Florida Senate candidate Mike McCalister, who is running against incumbent Sen. Bill Nelson (D-Fla.), offered a variation of the much-lampooned line during a speech before the Palms West Republican Club earlier this week.

“I get asked sometimes where do I stand on the Second and 10th Amendment, and I have a little saying,” he declared. “We need a sign at every harbor, every airport and every road entering our state: ‘You’re entering a 10th Amendment-owned and -operated state, and justice will be served with the Second Amendment.’” [Emphasis added.]
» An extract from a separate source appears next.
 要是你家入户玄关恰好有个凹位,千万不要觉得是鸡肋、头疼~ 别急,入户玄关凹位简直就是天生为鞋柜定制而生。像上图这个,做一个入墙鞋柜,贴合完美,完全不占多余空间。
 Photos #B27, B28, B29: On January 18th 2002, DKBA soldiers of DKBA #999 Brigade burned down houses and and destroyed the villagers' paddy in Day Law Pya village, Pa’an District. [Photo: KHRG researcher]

These kinds of threats by the GOP against other legislators and even the president have gone unpunished by the leadership of the party. Not a word has come from either House Speaker Paul Ryan or Senate Majority Leader Mitch McConnell decrying these statements, and the hyperbole and threats have only continued. Recently, for example, former Illinois GOP Congressman Joe Walsh tweeted and then deleted this threat to the president after the killing of five police officers in Dallas, Texas:

“3 Dallas cops killed, 7 wounded,” former congressman Joe Walsh, an Illinois Republican, wrote just before midnight in a tweet that is no longer on his profile. “This is now war. Watch out Obama. Watch out black lives matter punks. Real America is coming after you.”
Even after the outcry over his recent remarks, Trump has escalated the rhetoric against both President Obama and against Clinton, calling them the “founders of ISIS.” And again no word from the GOP leadership.
This rhetoric is part of a pattern used by the right wing within and outside elections. Anti-choice groups, for example, consistently misrepresent reproductive health care writ large, and abortion specifically. They “target” providers with public lists of names, addresses, and other personal information. They lie, intimidate, and make efforts to both vilify and stigmatize doctors. When this leads to violence, as David Cohen wrote in Rolling Stone this week, the anti-choice groups—and their GOP supporters—shrug off any responsibility.
Some gun rights groups also use this tactic of intimidation and targeting to silence critique. In 2011, for example, 40 men armed with semi-automatic weapons and other guns surrounded a restaurant in Arlington, Texas, in which a mothers’ group had gathered to discuss gun regulations. “Second Amendment people” have spit upon women arguing for gun regulation and threatened them with rape. In one case, a member of these groups waited in the dark at the home of an advocate and then sought to intimidate her as she approached in her wheelchair.
The growing resort to violence and intimidation in our country is a product of an environment in which leading politicians not only look the other way as their constituents and affiliated groups use such tactics to press a political point, but in which the leaders themselves are complicit.
These are dangerous games being played by a major political party in its own quest for power. Whether or not Donald Trump is the most recent and most bombastic evidence of what has become of the GOP, it is the leadership and the elected officials of the party who are condoning and perpetuating an environment in which insinuations of violence will increasingly lead to acts of violence. The more that the right uses and suggests violence as a method of capturing, consolidating, and holding power, the more they become like the very terrorists they claim to be against.